All of the records below must be reproduced exactly, minus any pictures.

(Records from a data source)
§
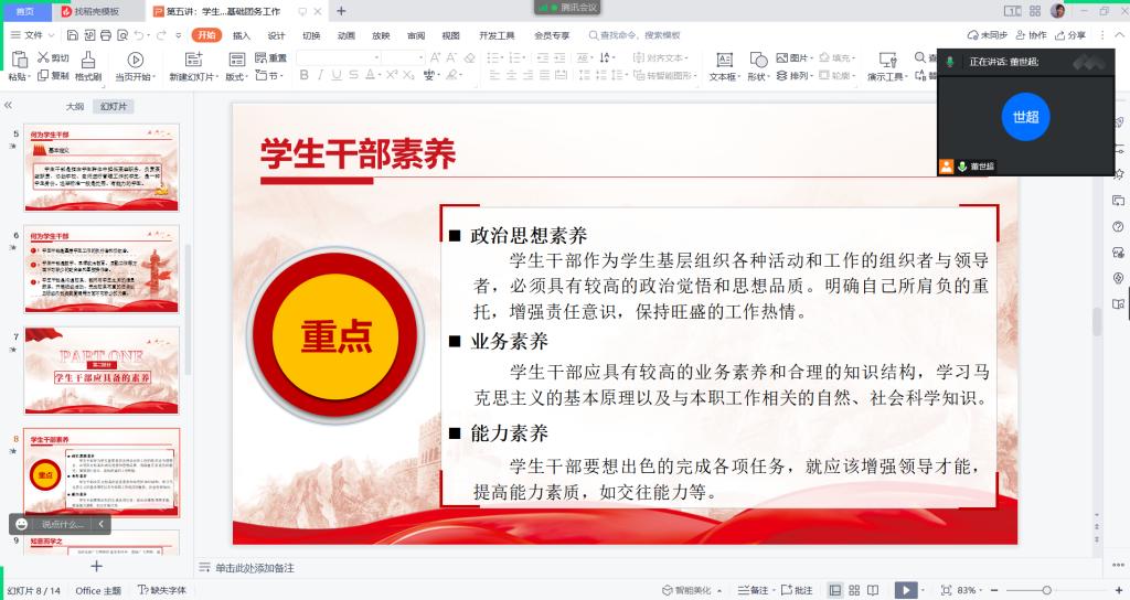 会议伊始,董世超从学生干部的定义和学生干部应尽的职责两个方面展开讲解,详细地阐述了何为学生干部。随后,董世超表示学生干部应该具有政治思想素养、业务素养及能力素养,并从“知意而学之”、”学之而有利“等方面鼓励学生干部在努力提高自身素质的同时,用实际行动诠释初心使命,践行责任担当。最后,董世超将目前学生干部队伍中存在的问题进行总结,告诫学生干部要及时纠正自身错误,加强自身修养。与会成员纷纷表示会做好本职工作,完成组织交给的各项任务,承诺将会以全新的状态投入到日后的工作之中。
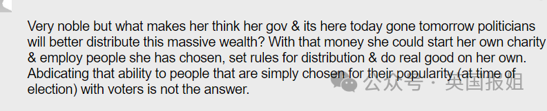 “听着很高尚,但她怎么敢相信朝令夕改的政府和政客们会更好地分配这笔财富?不如创办自己的慈善机构,雇佣自己看好的人,制定分配规则,自己去做真正的好事。
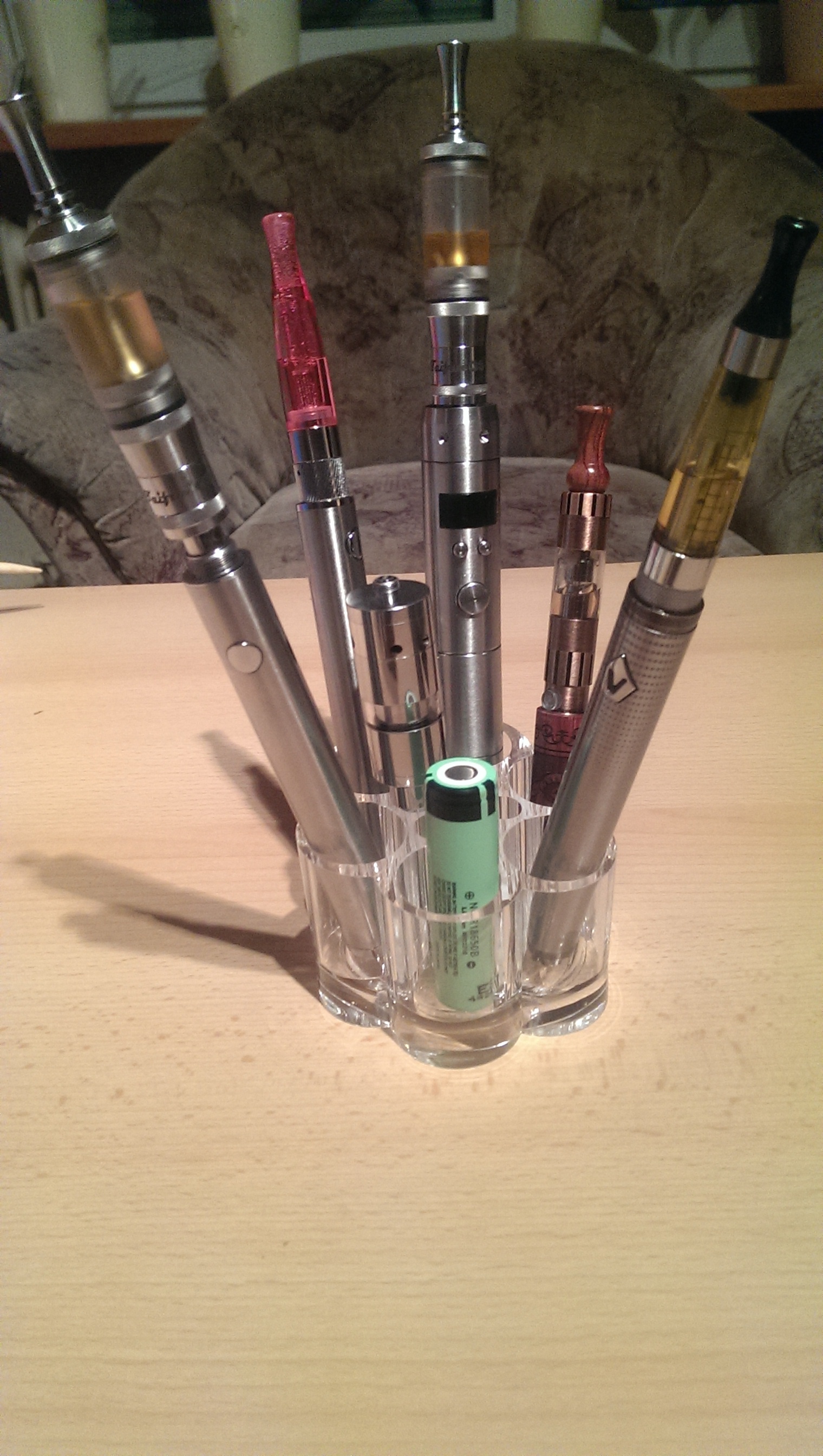 Da lasse ich mich doch nicht lumpen und stelle die gesammelten Suchtkolben unseres 2-Personen-Haushalts nach 4 Wochen Dampflehre in einem 3,99 € Ständer von Rossmann vor
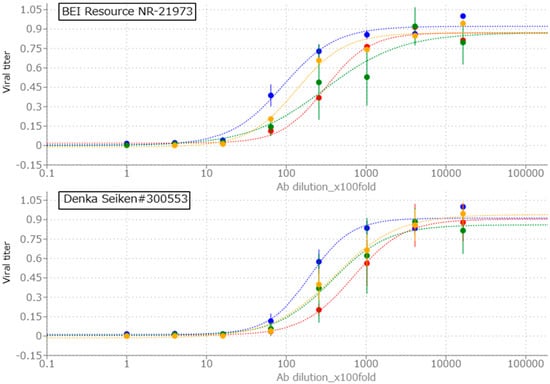 Figure 4 shows the results. All tested assay conditions demonstrated antibody dependent RSV neutralization, reflected by a reduction in the viral titer signal (RFU for GFP and Cherry, RLU for luciferase, and Abs450 nm for ELISA). For comparison across conditions, all values were background-subtracted and normalized to a maximum signal of 1.0. rRSV-WT ELISA and rRSV-Cherry showed higher consistency of viral titer scores compared to rRSV-Luc and rRSV-GFP conditions. For each assay condition, IC50 values were determined as the dilution of antibody reducing the background-corrected viral titer signal to 50% of its normalized maximum. BEI resource NR-21973 showed log2IC50 scores (ELISA: 13.15, GFP: 14.88, Cherry: 14.91, Luc: 13.71), and Denka Seiken #300553 showed log2IC50 scores (ELISA: 14.27, GFP: 15.20, Cherry: 16.06, Luc: 15.29), suggesting that rRSV-WT ELISA neutralization assay has similar ability of Ab-titration to ELISA assay used in previous research []. Although each rRSV showed different IC50 score, rRSV-Cherry and ELISA showed similar relative log2IC50 scores focusing on the score ratio of #300553 per NR-21973 (ELISA: 2.17, GFP:1.24, Luc: 2.99, Cherry: 2.22), suggesting that like RSV ELISA neutralization assay, rRSV-Cherry neutralization assay can convert IC50 score of clinical samples for comparison using RSV neutralizing antibody control samples.
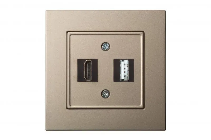 Розетка USB для передачи данных и HDMI Liregus Epsilon, шампань 28-3243
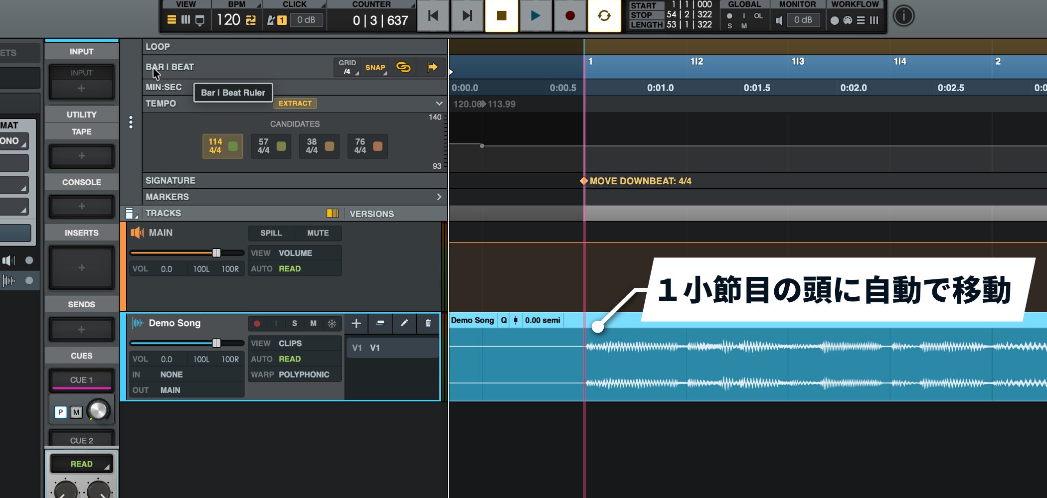 この「頭出し」の作業を手動で行うと時間がかかりますが、LUNA 2.0なら楽曲の開始位置を小節の頭(グリッド)に自動で合わせるため、すぐに録音を始められます。
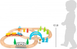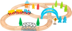 Zestaw obejmuje lokomotywę z wagonikami, most, domek, drzewa, figurki i elementy drogowe do realistycznych scenariuszy. Naturalne drewno w połączeniu z wyrazistymi kolorami prezentuje się atrakcyjnie i wspiera percepcję sensoryczną. Dzięki kompatybilności z innymi drewnianymi systemami dzieci mogą łatwo rozbudowywać świat torów.
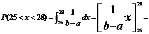 IV -9 Una máquina coloca grapas aleatoriamente en un segmento del folio que va entre los 2 cm. y los 30mm del borde izquierdo de la página . Calcular la probabilidad de que una grapa que ha sido colocada en este momento lo haya sido a una distancia del borde izquierdo de entre 25 y 28 mm .
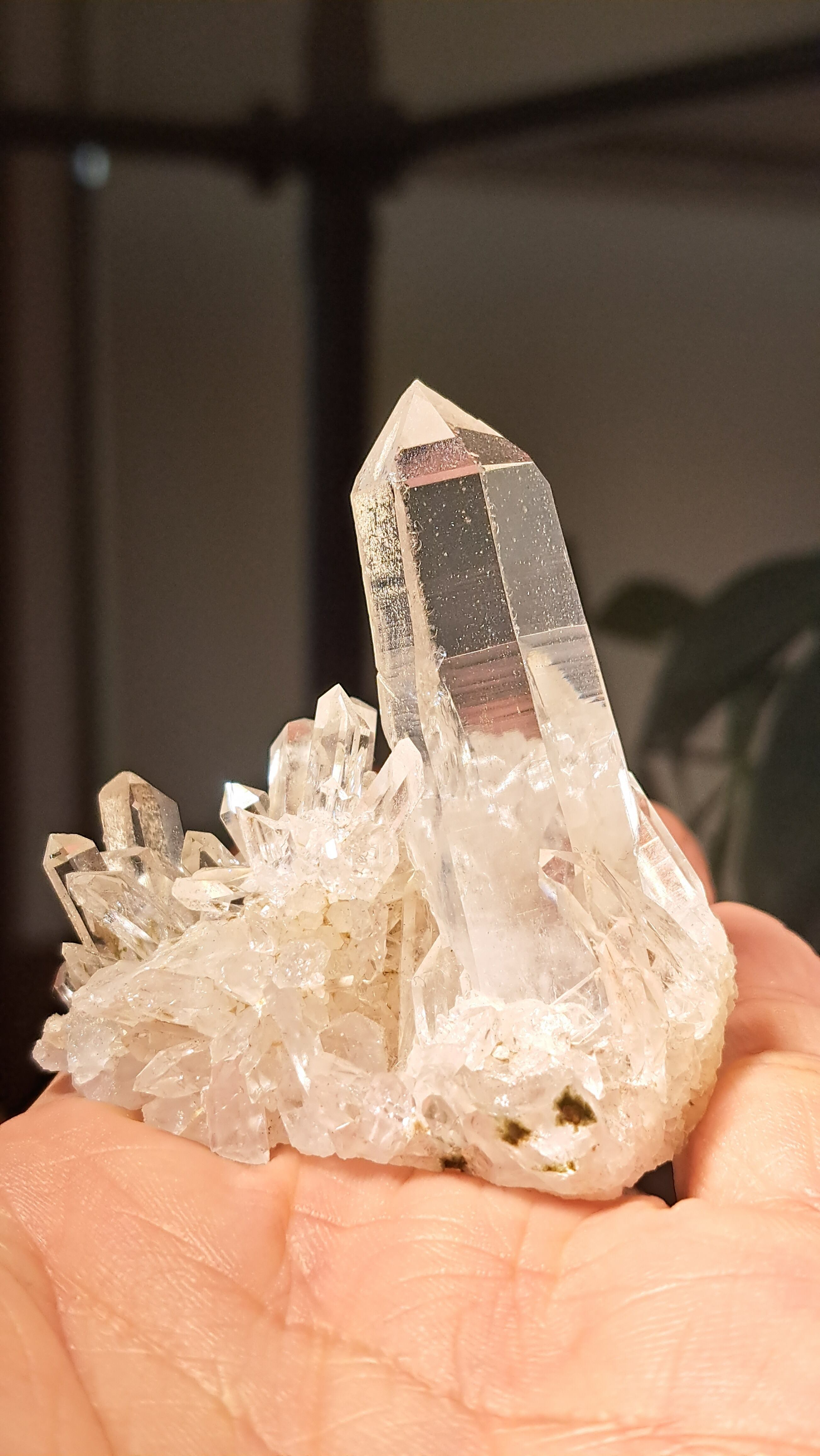 メインのポイントと、それを囲む小さな結晶が美しいバランスを保っているクラスターで
§
__Response to the task__
 会议伊始,董世超从学生干部的定义和学生干部应尽的职责两个方面展开讲解,详细地阐述了何为学生干部。随后,董世超表示学生干部应该具有政治思想素养、业务素养及能力素养,并从“知意而学之”、”学之而有利“等方面鼓励学生干部在努力提高自身素质的同时,用实际行动诠释初心使命,践行责任担当。最后,董世超将目前学生干部队伍中存在的问题进行总结,告诫学生干部要及时纠正自身错误,加强自身修养。与会成员纷纷表示会做好本职工作,完成组织交给的各项任务,承诺将会以全新的状态投入到日后的工作之中。
 “听着很高尚,但她怎么敢相信朝令夕改的政府和政客们会更好地分配这笔财富?不如创办自己的慈善机构,雇佣自己看好的人,制定分配规则,自己去做真正的好事。
 Da lasse ich mich doch nicht lumpen und stelle die gesammelten Suchtkolben unseres 2-Personen-Haushalts nach 4 Wochen Dampflehre in einem 3,99 € Ständer von Rossmann vor
 Figure 4 shows the results. All tested assay conditions demonstrated antibody dependent RSV neutralization, reflected by a reduction in the viral titer signal (RFU for GFP and Cherry, RLU for luciferase, and Abs450 nm for ELISA). For comparison across conditions, all values were background-subtracted and normalized to a maximum signal of 1.0. rRSV-WT ELISA and rRSV-Cherry showed higher consistency of viral titer scores compared to rRSV-Luc and rRSV-GFP conditions. For each assay condition, IC50 values were determined as the dilution of antibody reducing the background-corrected viral titer signal to 50% of its normalized maximum. BEI resource NR-21973 showed log2IC50 scores (ELISA: 13.15, GFP: 14.88, Cherry: 14.91, Luc: 13.71), and Denka Seiken #300553 showed log2IC50 scores (ELISA: 14.27, GFP: 15.20, Cherry: 16.06, Luc: 15.29), suggesting that rRSV-WT ELISA neutralization assay has similar ability of Ab-titration to ELISA assay used in previous research []. Although each rRSV showed different IC50 score, rRSV-Cherry and ELISA showed similar relative log2IC50 scores focusing on the score ratio of #300553 per NR-21973 (ELISA: 2.17, GFP:1.24, Luc: 2.99, Cherry: 2.22), suggesting that like RSV ELISA neutralization assay, rRSV-Cherry neutralization assay can convert IC50 score of clinical samples for comparison using RSV neutralizing antibody control samples.
 Розетка USB для передачи данных и HDMI Liregus Epsilon, шампань 28-3243
 この「頭出し」の作業を手動で行うと時間がかかりますが、LUNA 2.0なら楽曲の開始位置を小節の頭(グリッド)に自動で合わせるため、すぐに録音を始められます。
 Zestaw obejmuje lokomotywę z wagonikami, most, domek, drzewa, figurki i elementy drogowe do realistycznych scenariuszy. Naturalne drewno w połączeniu z wyrazistymi kolorami prezentuje się atrakcyjnie i wspiera percepcję sensoryczną. Dzięki kompatybilności z innymi drewnianymi systemami dzieci mogą łatwo rozbudowywać świat torów.
 IV -9 Una máquina coloca grapas aleatoriamente en un segmento del folio que va entre los 2 cm. y los 30mm del borde izquierdo de la página . Calcular la probabilidad de que una grapa que ha sido colocada en este momento lo haya sido a una distancia del borde izquierdo de entre 25 y 28 mm .
 メインのポイントと、それを囲む小さな結晶が美しいバランスを保っているクラスターで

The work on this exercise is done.